The patients in this trial are followed for 36 weeks, during which the safety and tolerability of mannitol are assessed. As secondary outcomes, they also are collecting data on several clinical features of Parkinson’s.
These features include changes in levodopa dosage, the ability to detect scents, and changes in constipation, as well as changes in cognitive and motor symptoms.
At present, the trial is still in its blinded phase, meaning that although some outcomes, such as gastrointestinal complaints, have been reported, the researchers conducting the trial cannot say whether the side effect is being reported in patients taking mannitol or in those taking the placebo.
Arkadia expects the trial to end in approximately two to three months and hopes to report results sometime in mid-October.
Raphael is encouraged that a clinical trial is finally taking place to address the uncertainty surrounding mannitol. She offers some words of caution, however, regarding the trial’s outcome.
“The one risk we run into with a relatively small Phase 2 trial is they often don’t replicate in Phase 3,” she said.
The issue, she says, is that the fewer participants one has in a trial, the more likely random assignment can fail to equalize participants’ symptoms prior to treatment. Participants assigned to one treatment can differ from those assigned to another treatment.
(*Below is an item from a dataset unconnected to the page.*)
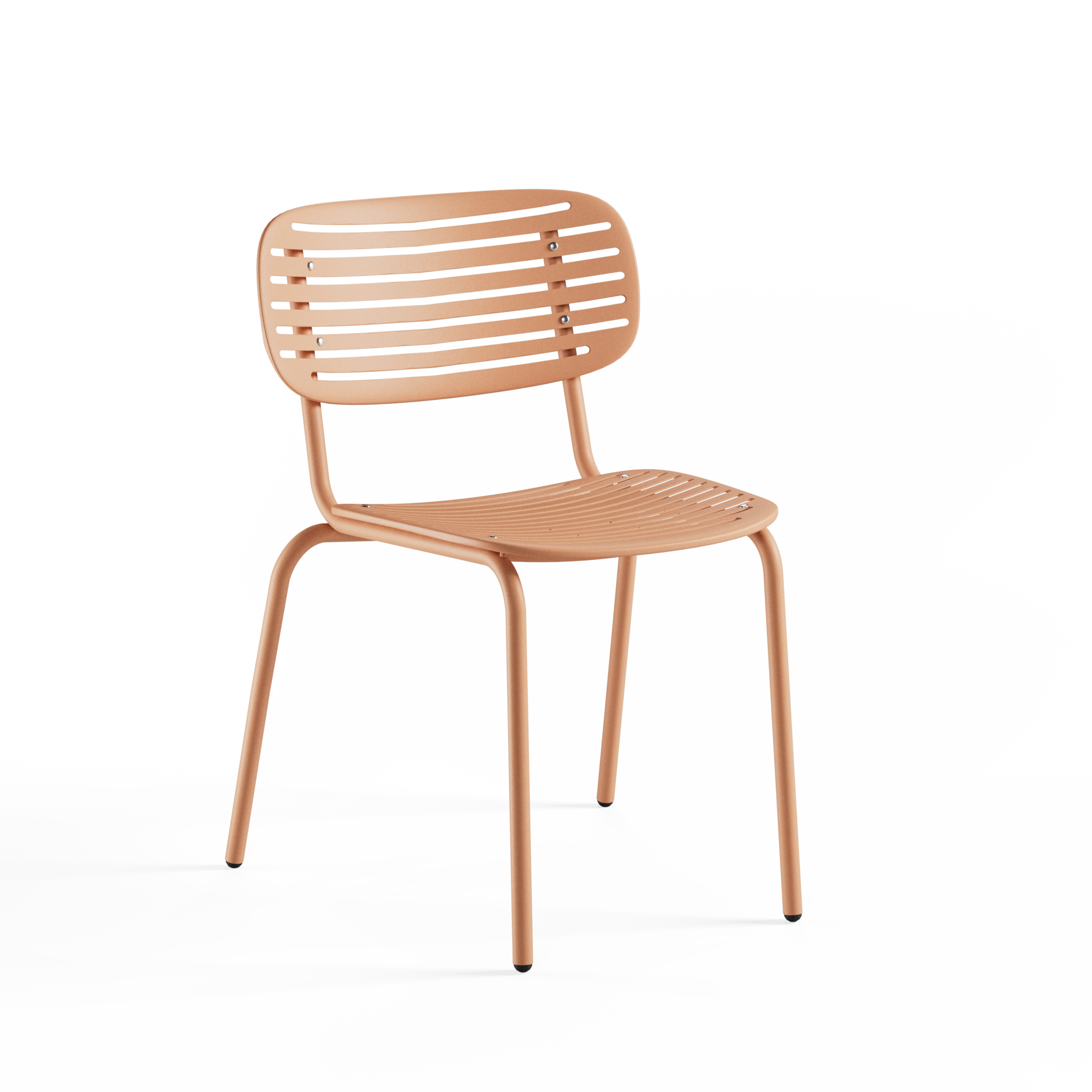 De zitting en rugleuning zijn vervaardigd uit gestanst en warm‑gegalvaniseerd staal, waardoor de stoel uitstekend bestand is tegen weer en wind. Het subtiele grafische patroon in de rugleuning geeft de stoel een dynamische, verfijnde look en zorgt tegelijk voor een lichte, open uitstraling. De rugleuning is stevig bevestigd met roestvrijstalen rivetten, wat extra duurzaamheid en bescherming tegen corrosie garandeert.

With large numbers, these differences might average out, but such an averaging effect doesn’t always work well when sample sizes are small.
This is one reason why “statistically significant” findings from small Phase 2 trials fail to replicate in larger Phase 3 trials.
This isn’t to say that this will occur in Arkadir’s study, so much as it is a reason to maintain a sense of reserve when results are finally reported.
This trial “is as good as you can do right now, with a Phase 2 study,” Raphael said.
Arkadir holds no illusion regarding such challenges. Despite addressing an important unmet need in the Parkinson’s community, recruitment into a trial like his is a challenge.
“We did not recruit the number of patients we hoped for,” he said in an interview. “And this is for two reasons. First, it’s hard to recruit patients for a study which is not supported by the industry. … [Second,] it’s not easy to do a clinical trial with a substance that you can just buy on Amazon.”
If someone hears that mannitol might help with their symptoms, for instance, and can simply order it online, then why bother with the possibility of being given a placebo instead?
Arkadir also points out that the global COVID-19 pandemic effectively halted the trial’s last year of recruitment.
Because of this, he says the study lacks sufficient power to really determine mannitol’s effectiveness.
Nonetheless, he hopes the data they are collecting will provide enough information regarding mannitol’s efficacy that he can secure funding for a larger trial.
Sadeh talks of CliniCrowd “harnessing the power of the global cloud.” It is a compelling idea, the potential of which has yet to be uncovered. As for mannitol, although evidence is growing, there is still work to be done, but with the help of CliniCrowd and Arkadir, the data needed to prove its effects on Parkinson’s — one way or the other — may become a reality.